**WHAT YOU SHOULD DO:** From the first line of the listing below to the line containing "圖:7日,中國人體器官捐獻與", write out everything exactly. No pictures.

*** Block opens ***

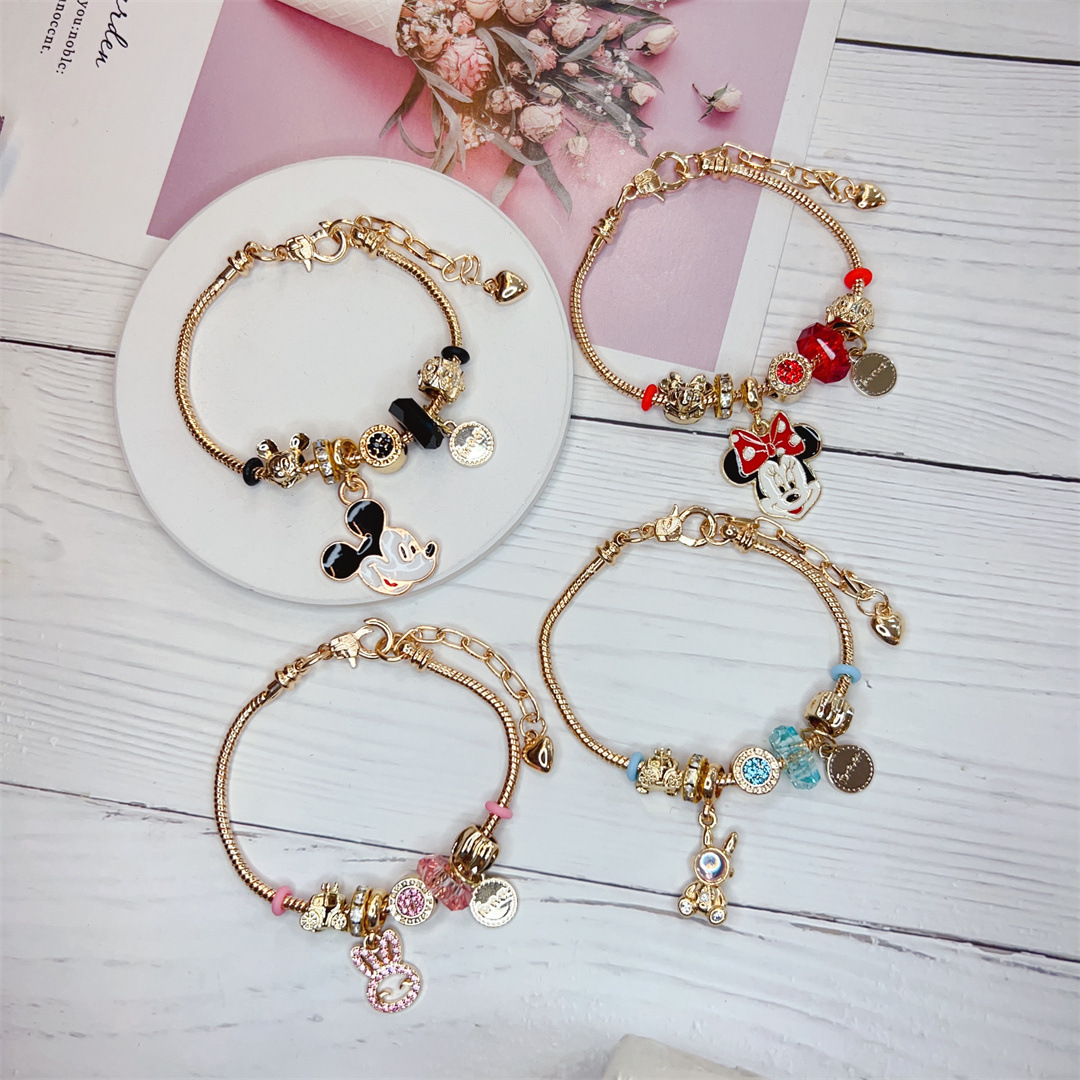 Hot-Selling Korean-Style Gold-Plated Color-Preserving Lobster Clasp Bracelet for Women with Colorful Crystal and Diamond Inlay DIY Cartoon Cross-Border New Product
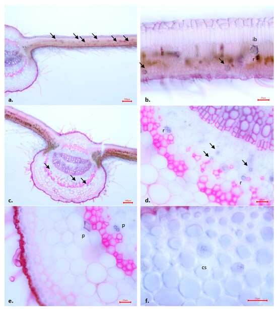 Transverse section of leaf laminas of Salix triandra × S. viminalis ‘Inger’. Different types of Ca-oxalate crystals: Ca-oxalate crystal rosette (r) is a typical characteristic of the leaf mesophyll but can also be found in the mesophyll cells of the midrib area (black arrows). Surrounding the midrib are the Ca-oxalate pyramids (p) and crystal sand (cs). The idioblast cells (ib) can be typical in the leaf mesophyll. (a) Cross-section of the leaf—WA (4×), (b) leaf mesophyll—Control (20×), (c) cross-section of the leaf—Control (4×), (d) Ca-oxalate crystal rosettes in the midrib of mesophyll cells—Control (20×), (e) Ca-oxalate pyramids in the midrib of mesophyll cells—Control (20×), (f) Crystal sand in the midrib of mesophyll cells—Control (40×). WA = wood ash. Scale bars: (a) 100 μm, (b) 25 μm, (c) 100 μm, (d) 25 μm, (e) 25 μm, (f) 25 μm.
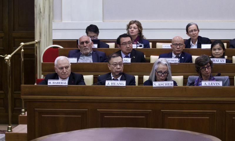 圖:7日,中國人體器官捐獻與移植委員會主任委員黃潔夫(前右三)在梵蒂岡出席「反對器官販賣全球峰會」\新華社
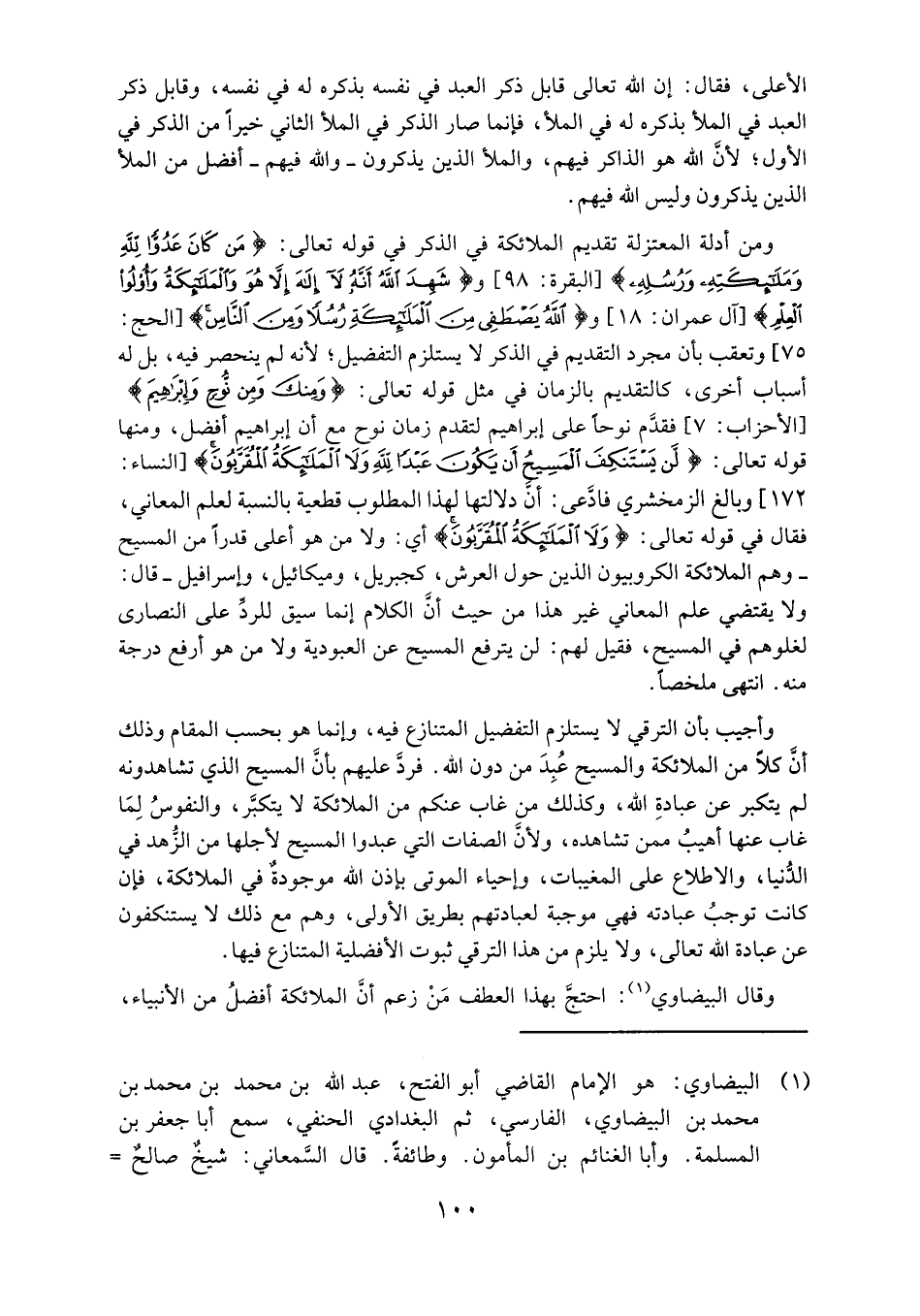 ومن أدلة المعتزلة تقديم الملائكة في الذكر في قوله تعالى: {مَنْ كَانَ عَدُوّاً لِلَّهِ وَمَلائِكَتِهِ وَرُسُلِهِ} [البقرة:98] و {شَهِدَ اللَّهُ أَنَّهُ لا إِلَهَ إِلَّا هُوَ وَالْمَلائِكَةُ وَأُولُو الْعِلْمِ} [آل عمران: 18] و {اللَّهُ يَصْطَفِي مِنَ الْمَلائِكَةِ رُسُلًا وَمِنَ النَّاسِ} [الحج:57] وتعقب بأن مجرد التقديم في الذكرلا يستلزم التفضيل؛ لأنه لم ينحصر فيه، بل له أسباب أخرى، كالتقديم بالزمان في مثل قوله تعالى: {وَمِنْكَ وَمِنْ نُوحٍ وَإِبْرَاهِيمَ} [الأحزاب: 7] فقدم نوحاً على إبراهيم لتقدم زمان نوحٍ مع أن إبراهيم أفضل، ومنها قوله تعالى: {لَنْ يَسْتَنْكِفَ الْمَسِيحُ أَنْ يَكُونَ عَبْداً لِلَّهِ وَلا الْمَلائِكَةُ الْمُقَرَّبُونَ} [النساء:172] وبالغ الزمخشري فادَّعى: أن دلالتها لهذا المطلوب قطيعة بالنسبة لعلم المعاني، فقال في قوله تعالى: {وَلاالْمَلائِكَةُ الْمُقَرَّبُونَ} أي: ولا من هو أعلى قدرًا من المسيح -وهم الملائكة الكروبيون الذين حوْل العرش، كجبريل، وميكائيل، وإسرافيل- قال: ولا يقتضي علم المعاني غير هذا من حديث أن الكلام إنما سِيق للرد على النصارى لغلوهم في المسيح، فقيل لهم: لن يترفع المسيح عن العبودية ولا من هو أرفع درجة منه. انتهى ملخصاً.
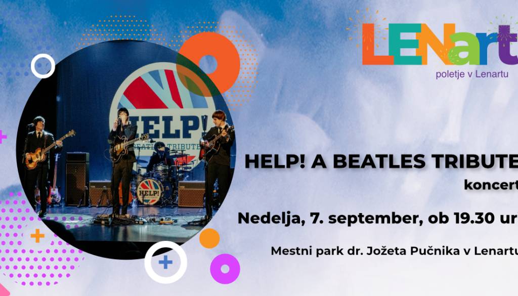 MESTNI PARK DR. JOŽETA PUČNIKA LENARTHELP! A Beatles Tribute skupina, ki svojim energičnim nastopom ter veliko preciznostjo izvaja glasbo iz vseh obdobij glasbenega repertoarja legendarnih The Beatles. HELP! ima za sabo več kot 600 koncertov s festivalov, kulturnih ter športnih dvoran, večjih klubov, ki so se zgodili v 20 državah (Nemčija, Švica, Avstrija, Anglija, Finska, Švedska, Norveška, Grčija, Belgija, Estonija in Bahrain).
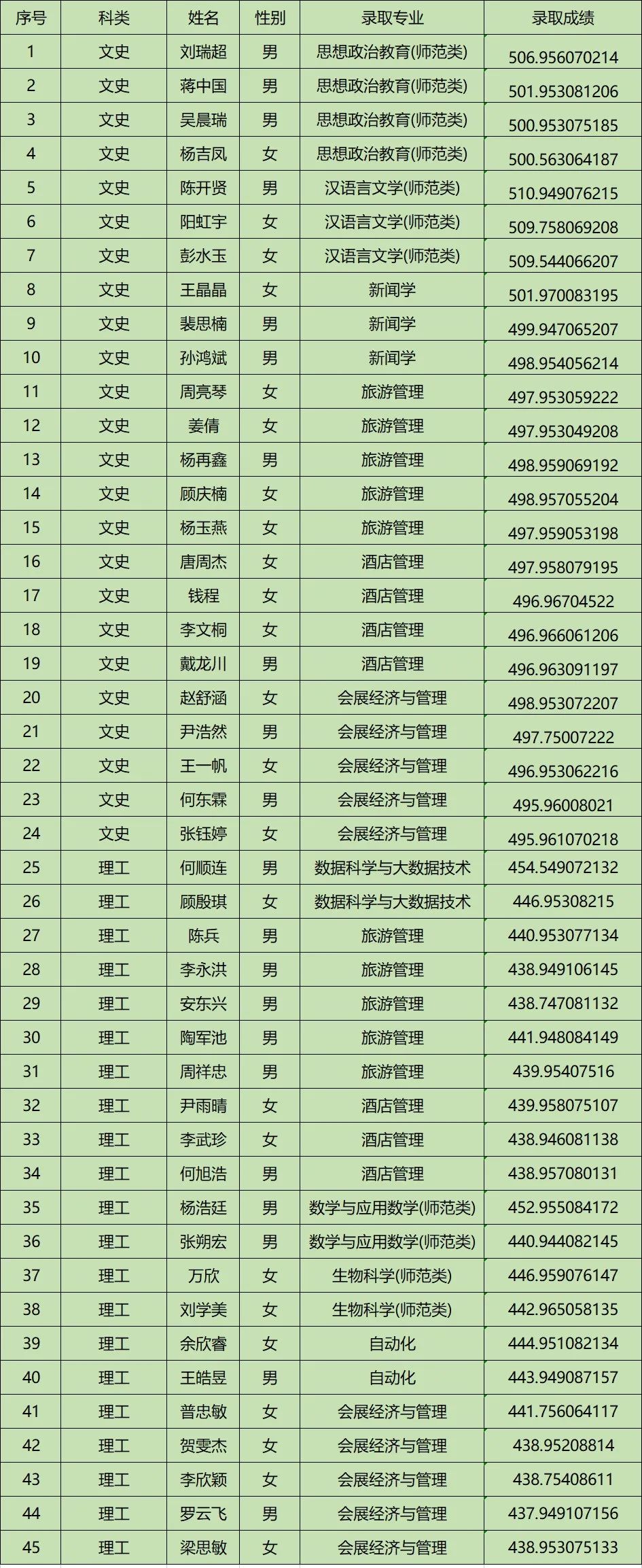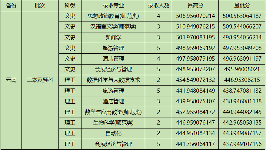 晋中学院2023年云南省二本及预科录取名单

*** Block closes ***

**TASK SOLUTION:**
 Hot-Selling Korean-Style Gold-Plated Color-Preserving Lobster Clasp Bracelet for Women with Colorful Crystal and Diamond Inlay DIY Cartoon Cross-Border New Product
 Transverse section of leaf laminas of Salix triandra × S. viminalis ‘Inger’. Different types of Ca-oxalate crystals: Ca-oxalate crystal rosette (r) is a typical characteristic of the leaf mesophyll but can also be found in the mesophyll cells of the midrib area (black arrows). Surrounding the midrib are the Ca-oxalate pyramids (p) and crystal sand (cs). The idioblast cells (ib) can be typical in the leaf mesophyll. (a) Cross-section of the leaf—WA (4×), (b) leaf mesophyll—Control (20×), (c) cross-section of the leaf—Control (4×), (d) Ca-oxalate crystal rosettes in the midrib of mesophyll cells—Control (20×), (e) Ca-oxalate pyramids in the midrib of mesophyll cells—Control (20×), (f) Crystal sand in the midrib of mesophyll cells—Control (40×). WA = wood ash. Scale bars: (a) 100 μm, (b) 25 μm, (c) 100 μm, (d) 25 μm, (e) 25 μm, (f) 25 μm.
 圖:7日,中國人體器官捐獻與移植委員會主任委員黃潔夫(前右三)在梵蒂岡出席「反對器官販賣全球峰會」\新華社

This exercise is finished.